## SUPPLIED INFORMATION
=== Begin Enclosure ===

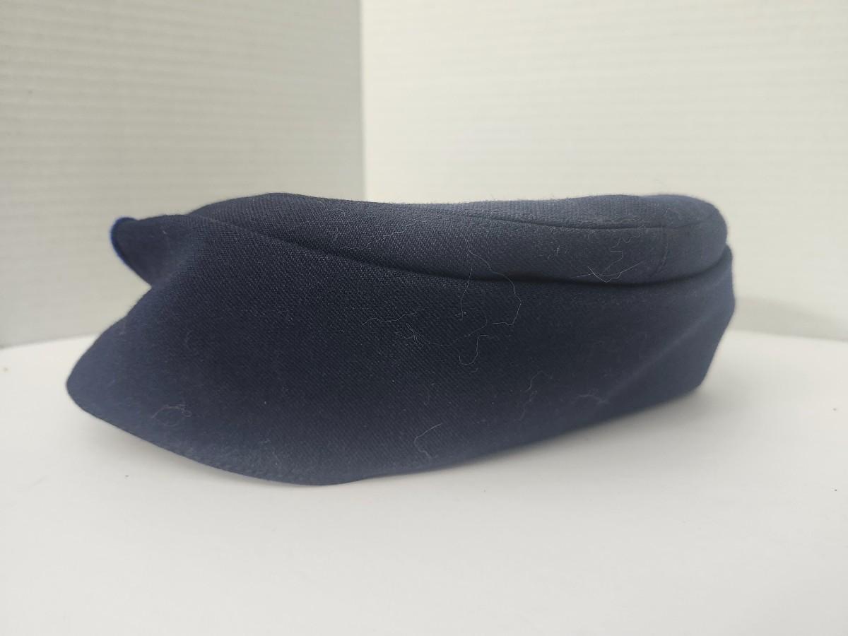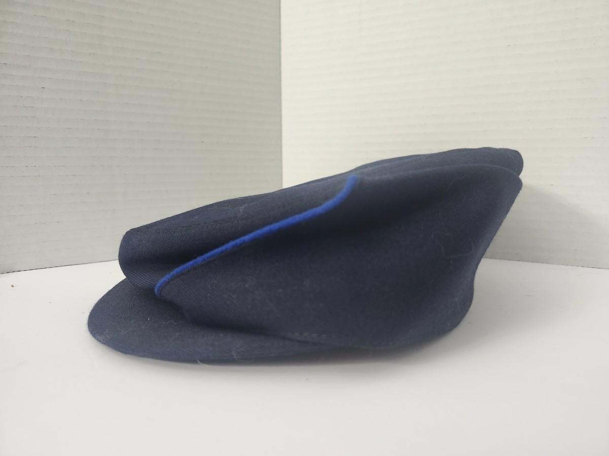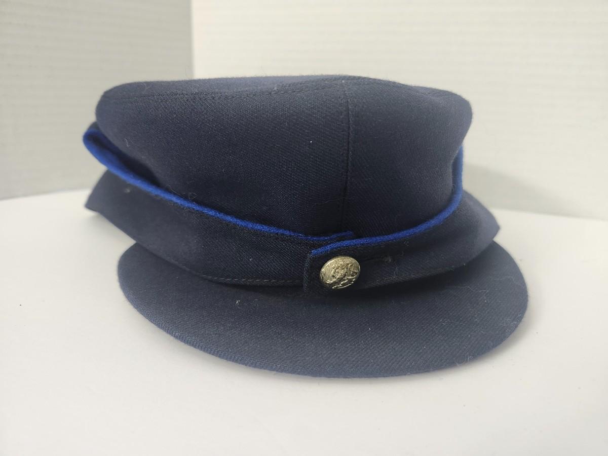 Vintage Navy Blue Civil War Style Kepi Hat with Blue Piping Brass Button Trim
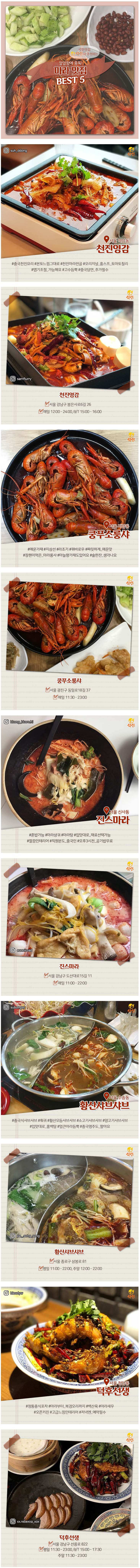 매콤함이 있는 마라 요리 맛집 BEST 5
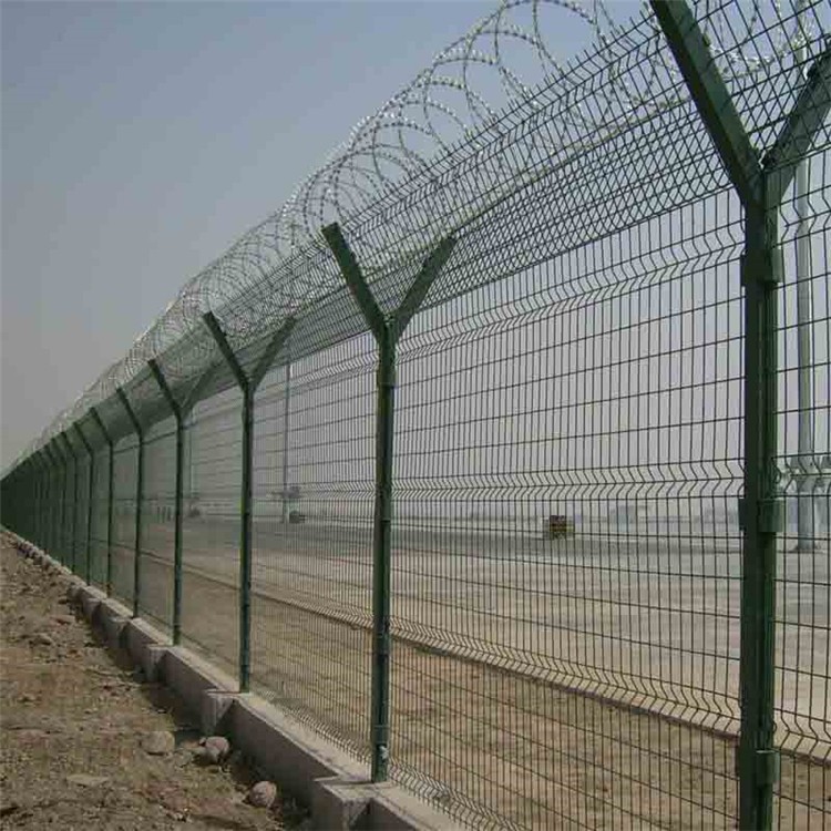 機場Y型護欄網隨著現在生活節奏的加快,生活水平的提高,人們在出差或者游玩時,會選擇乘坐飛機,那么飛行區就要保證沒有非工作人員和小動物誤入跑道,對飛機的起飛與降落造成危險。為此機場四周會安裝機場護欄網, 又稱作“Y型安全防御護網”,機場隔離網、機場圍界網是由V型支架立柱,加強型焊接網片,安全防盜連接件和熱鍍鋅刀片刺繩組成的安全防御性級別很高的護欄網。具有安全性高、防攀爬能力好,網片連接方式采用特制SBS緊扣件,有效防止人為的破壞性拆卸。如果在機場Y型護欄網頂部加裝刀片刺絲、刀片刺網后又很好的增強了安全防護性能。采用電鍍、熱鍍、噴塑、浸塑等防腐形式,具有很好的、抗曬、耐腐蝕等特 點。其產品造型美觀、花色多樣,既起到圍欄作用,又起到美化作用。
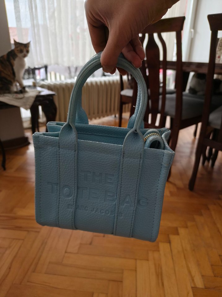 Pastel mavi deri, baskılı ve fermuarlı kadın el çantası. Paris esintili, trend sokak stili için uygun.

=== End Enclosure ===

## ASSIGNED TASK
Word for word, restate each line above, minus its pictures.

## YOUR SOLUTION
 Vintage Navy Blue Civil War Style Kepi Hat with Blue Piping Brass Button Trim
 매콤함이 있는 마라 요리 맛집 BEST 5
 機場Y型護欄網隨著現在生活節奏的加快,生活水平的提高,人們在出差或者游玩時,會選擇乘坐飛機,那么飛行區就要保證沒有非工作人員和小動物誤入跑道,對飛機的起飛與降落造成危險。為此機場四周會安裝機場護欄網, 又稱作“Y型安全防御護網”,機場隔離網、機場圍界網是由V型支架立柱,加強型焊接網片,安全防盜連接件和熱鍍鋅刀片刺繩組成的安全防御性級別很高的護欄網。具有安全性高、防攀爬能力好,網片連接方式采用特制SBS緊扣件,有效防止人為的破壞性拆卸。如果在機場Y型護欄網頂部加裝刀片刺絲、刀片刺網后又很好的增強了安全防護性能。采用電鍍、熱鍍、噴塑、浸塑等防腐形式,具有很好的、抗曬、耐腐蝕等特 點。其產品造型美觀、花色多樣,既起到圍欄作用,又起到美化作用。
 Pastel mavi deri, baskılı ve fermuarlı kadın el çantası. Paris esintili, trend sokak stili için uygun.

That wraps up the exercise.